• **Task requirements**:
Everything in the listing below must be set down again exactly, apart from the pictures.

• **Data provided**:
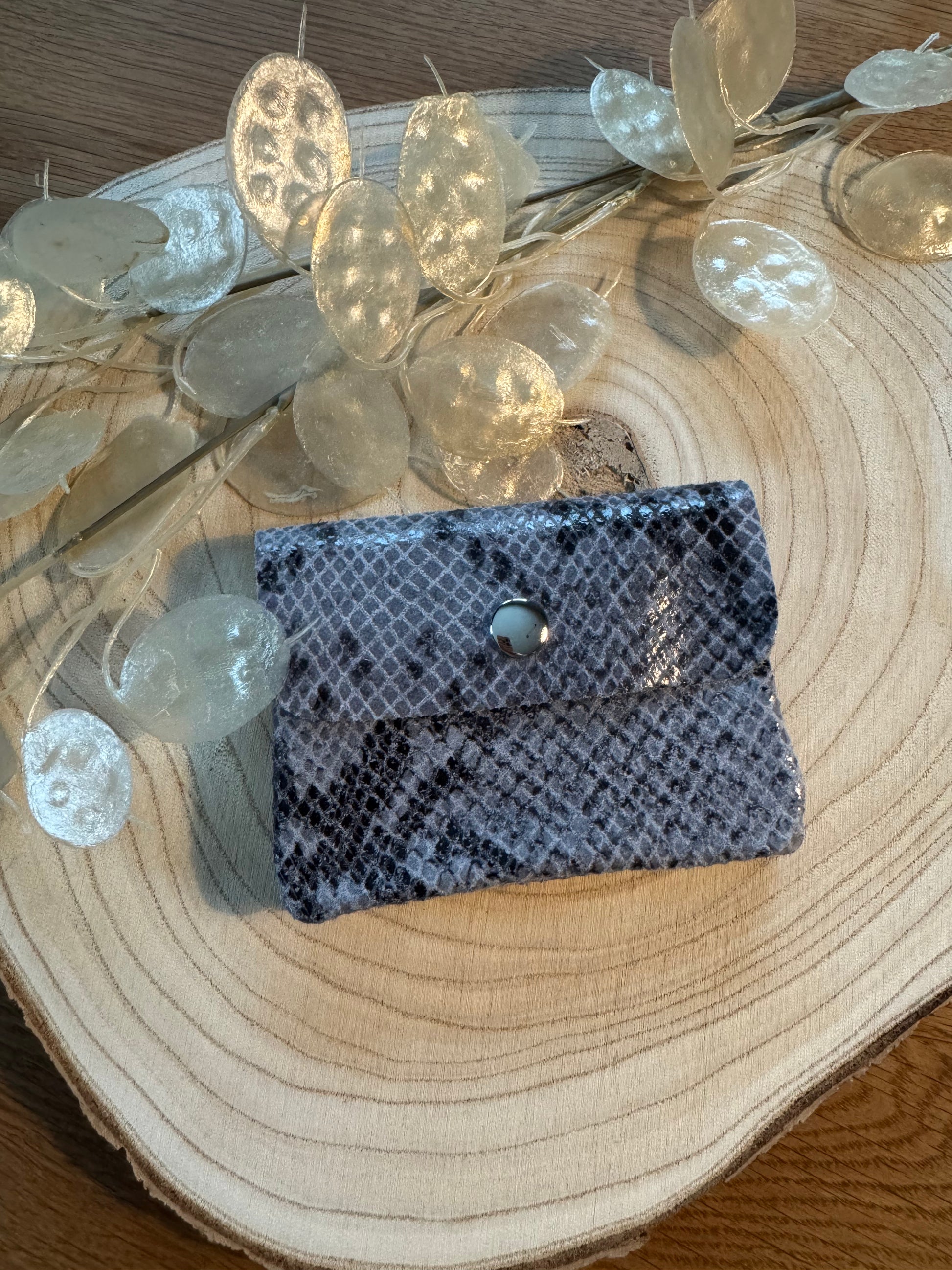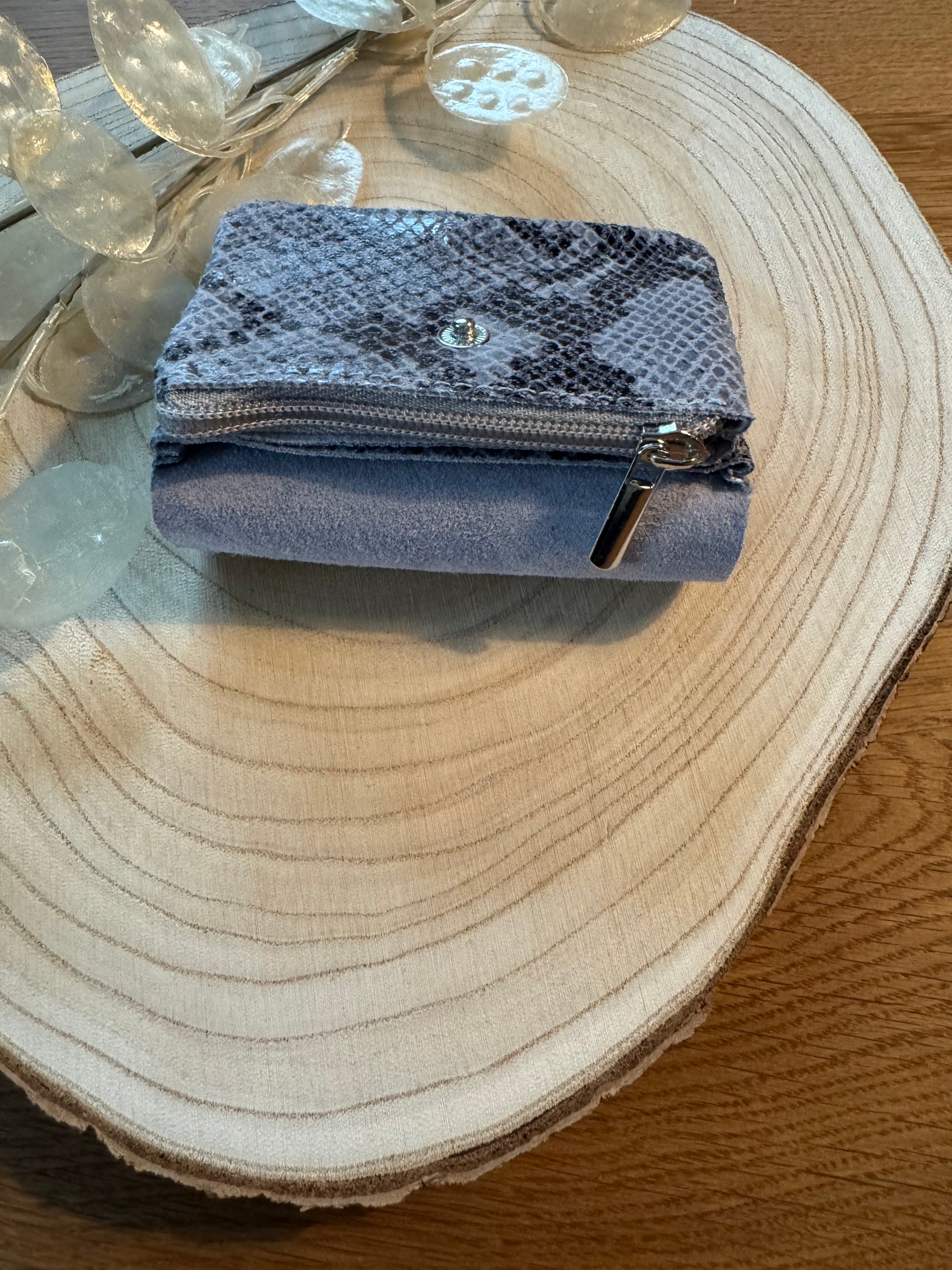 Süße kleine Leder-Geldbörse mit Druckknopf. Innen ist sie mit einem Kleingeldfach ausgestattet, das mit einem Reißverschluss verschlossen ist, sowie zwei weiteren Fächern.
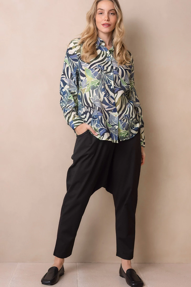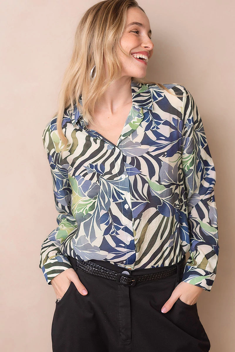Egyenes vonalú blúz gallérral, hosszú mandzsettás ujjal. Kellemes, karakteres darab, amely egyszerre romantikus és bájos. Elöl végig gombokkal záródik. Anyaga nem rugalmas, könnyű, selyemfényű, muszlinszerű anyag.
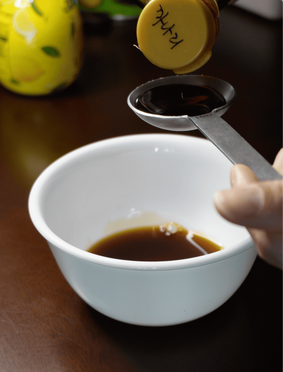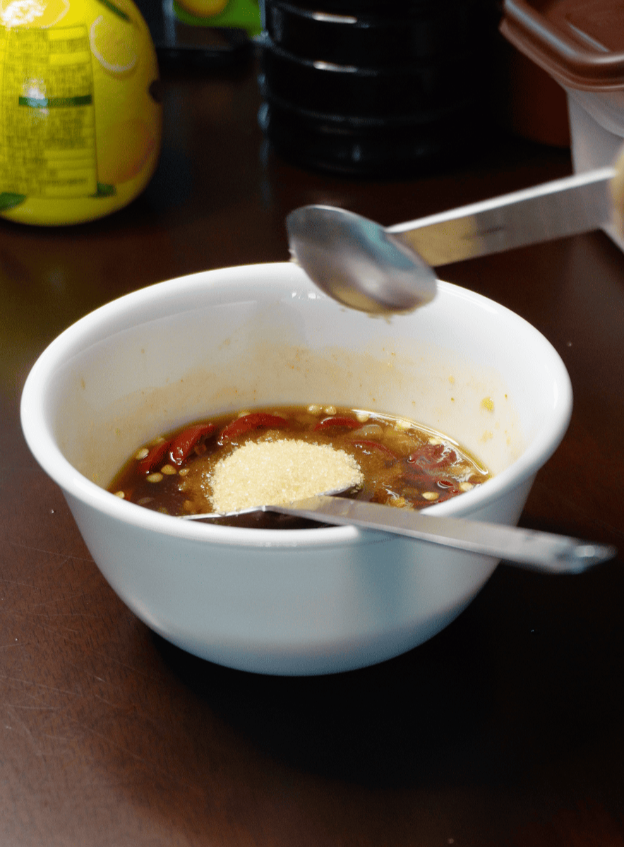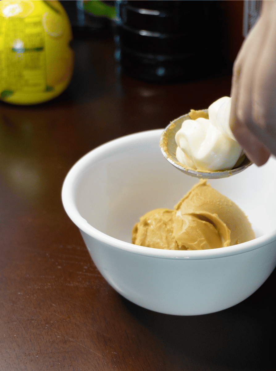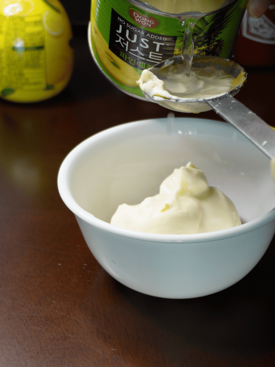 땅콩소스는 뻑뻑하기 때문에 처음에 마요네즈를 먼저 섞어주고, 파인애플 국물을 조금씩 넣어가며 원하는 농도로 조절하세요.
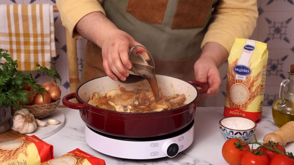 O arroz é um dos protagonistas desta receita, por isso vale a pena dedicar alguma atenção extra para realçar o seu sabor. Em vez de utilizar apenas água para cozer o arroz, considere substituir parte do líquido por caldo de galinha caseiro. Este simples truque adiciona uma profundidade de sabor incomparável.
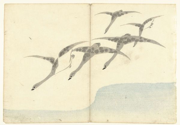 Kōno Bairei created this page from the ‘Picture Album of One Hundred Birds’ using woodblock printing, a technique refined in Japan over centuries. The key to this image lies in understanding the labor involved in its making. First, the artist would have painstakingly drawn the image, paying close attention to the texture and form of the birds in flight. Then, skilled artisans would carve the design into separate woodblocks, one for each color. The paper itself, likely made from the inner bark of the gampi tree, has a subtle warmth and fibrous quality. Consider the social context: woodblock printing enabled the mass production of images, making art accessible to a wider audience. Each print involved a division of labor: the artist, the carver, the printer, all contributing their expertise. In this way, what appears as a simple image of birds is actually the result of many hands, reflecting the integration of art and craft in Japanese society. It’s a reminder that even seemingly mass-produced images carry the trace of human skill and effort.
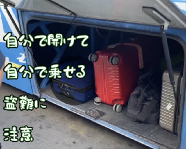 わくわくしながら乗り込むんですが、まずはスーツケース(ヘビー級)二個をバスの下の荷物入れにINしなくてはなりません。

• **Task result**:
 Süße kleine Leder-Geldbörse mit Druckknopf. Innen ist sie mit einem Kleingeldfach ausgestattet, das mit einem Reißverschluss verschlossen ist, sowie zwei weiteren Fächern.
Egyenes vonalú blúz gallérral, hosszú mandzsettás ujjal. Kellemes, karakteres darab, amely egyszerre romantikus és bájos. Elöl végig gombokkal záródik. Anyaga nem rugalmas, könnyű, selyemfényű, muszlinszerű anyag.
 땅콩소스는 뻑뻑하기 때문에 처음에 마요네즈를 먼저 섞어주고, 파인애플 국물을 조금씩 넣어가며 원하는 농도로 조절하세요.
 O arroz é um dos protagonistas desta receita, por isso vale a pena dedicar alguma atenção extra para realçar o seu sabor. Em vez de utilizar apenas água para cozer o arroz, considere substituir parte do líquido por caldo de galinha caseiro. Este simples truque adiciona uma profundidade de sabor incomparável.
 Kōno Bairei created this page from the ‘Picture Album of One Hundred Birds’ using woodblock printing, a technique refined in Japan over centuries. The key to this image lies in understanding the labor involved in its making. First, the artist would have painstakingly drawn the image, paying close attention to the texture and form of the birds in flight. Then, skilled artisans would carve the design into separate woodblocks, one for each color. The paper itself, likely made from the inner bark of the gampi tree, has a subtle warmth and fibrous quality. Consider the social context: woodblock printing enabled the mass production of images, making art accessible to a wider audience. Each print involved a division of labor: the artist, the carver, the printer, all contributing their expertise. In this way, what appears as a simple image of birds is actually the result of many hands, reflecting the integration of art and craft in Japanese society. It’s a reminder that even seemingly mass-produced images carry the trace of human skill and effort.
 わくわくしながら乗り込むんですが、まずはスーツケース(ヘビー級)二個をバスの下の荷物入れにINしなくてはなりません。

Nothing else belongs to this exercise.